Data resiliency is at a crossroads. Traditional SAN storage solutions than run on Redundant Array of Independent Disks (RAID) are creaking under the strain of new data demands. While striping, mirroring, and parity in RAID implementations provide various degrees of protection, the cost of resiliency, recovery timings, and RAID’s recovery process vulnerability issues are all paving the way for alternatives.
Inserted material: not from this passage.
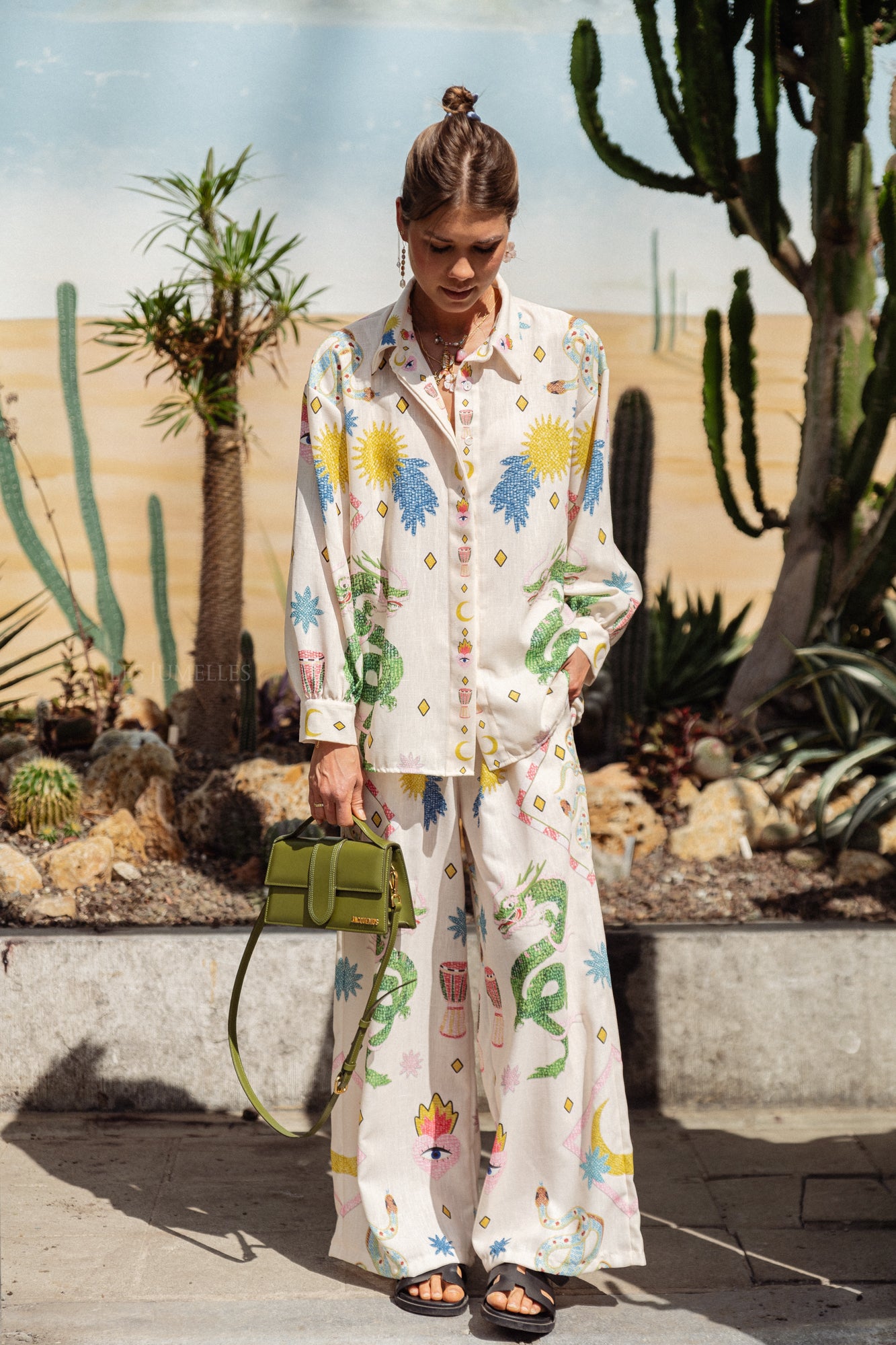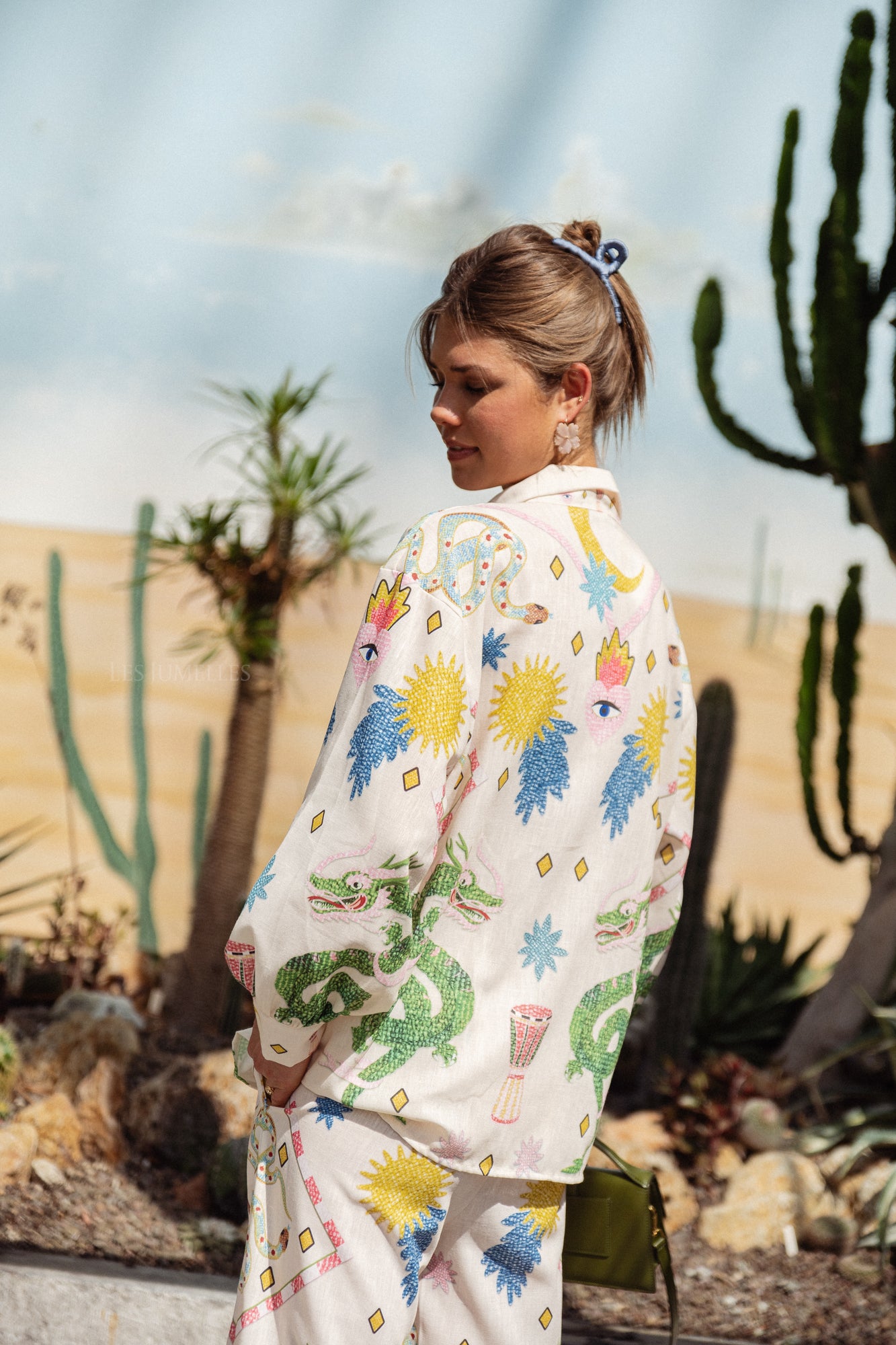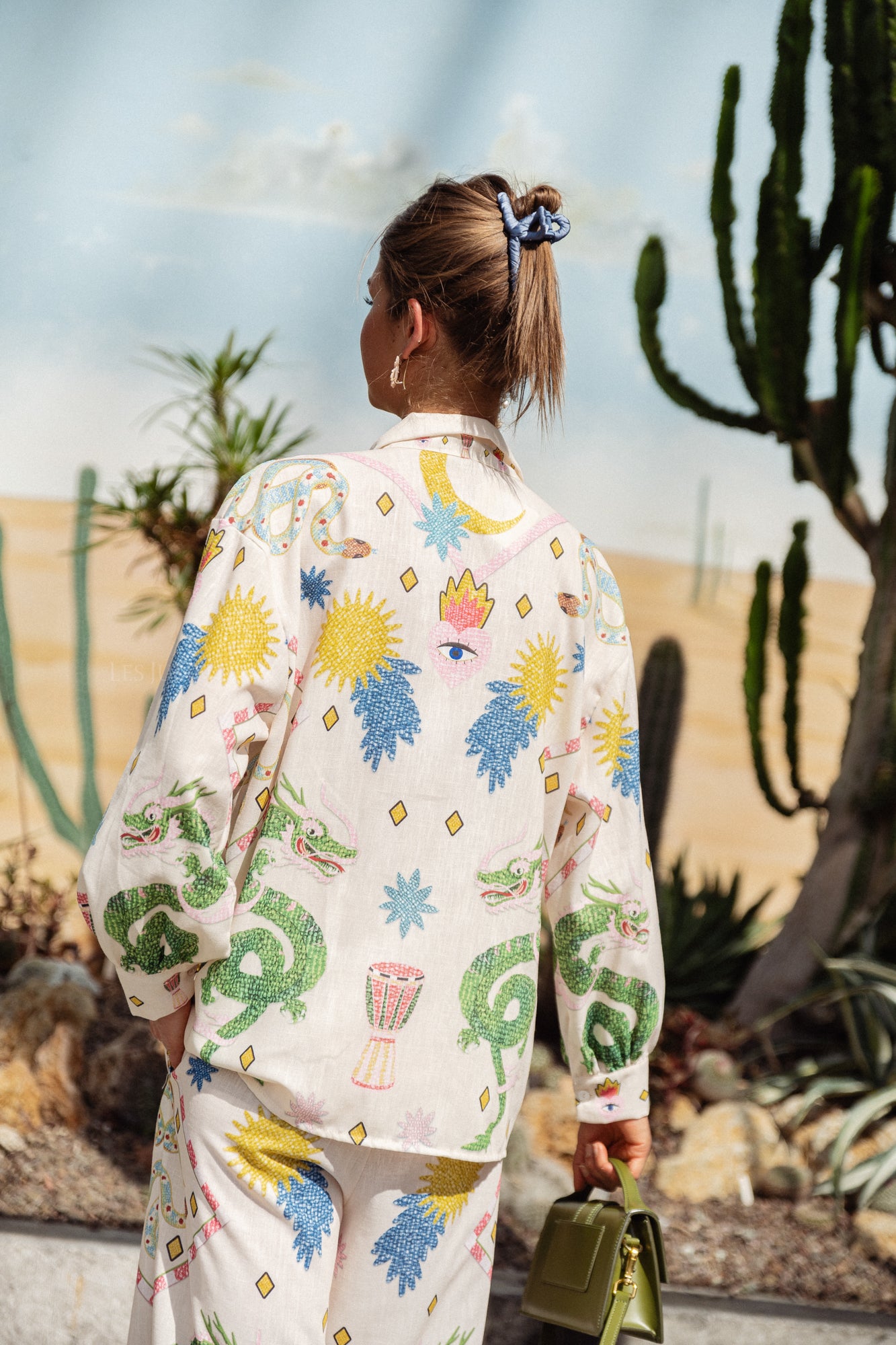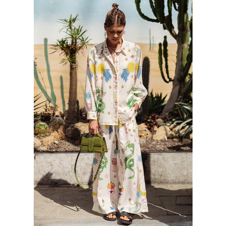 Graffiti Printed Long Sleeve Shirt and Pants Set

One option is erasure coding , which is distinctly different than other hardware-based systems. EC is an algorithm-based implementation that's is not tied down to any specific hardware. It breaks the data into fragments, augments and encodes them with redundant pieces of information, and then distributes encoded fragments across disks, storage nodes, or locations. With erasure coding, data which becomes unreadable on a node can still be reconstructed using information about the data stored elsewhere.
Unlike RAID, the EC does not require a specialized hardware controller and provides better resiliency. More importantly, it provides protection during the recovery processes. Depending on the degree of resiliency, complete recovery is even possible when only half of the data elements are available -- that’s a major advantage over RAID. Compared with mirroring, EC also consumes less storage. The down side, however, is that EC is CPU-intensive and can cause latency issues.
Storage efficiency vs. fault tolerance
Erasure coding is most often rendered using Reed-Solomon (RS) codes. For those familiar with RS codes, two performance metrics matter: storage efficiency and fault tolerance. EC involves a trade-off between the two. Storage efficiency is an indicator of additional storage required to assure resiliency, whereas fault tolerance is an indicator of the possibility of recovery in the event of element failures.
These metrics are inversely proportional to one another; more fault tolerance reduces the storage efficiency. That is to say, the more distributed, and therefore geographically widespread the data is stored, the more latency occurs as the time required to recall from different locations or systems is greater.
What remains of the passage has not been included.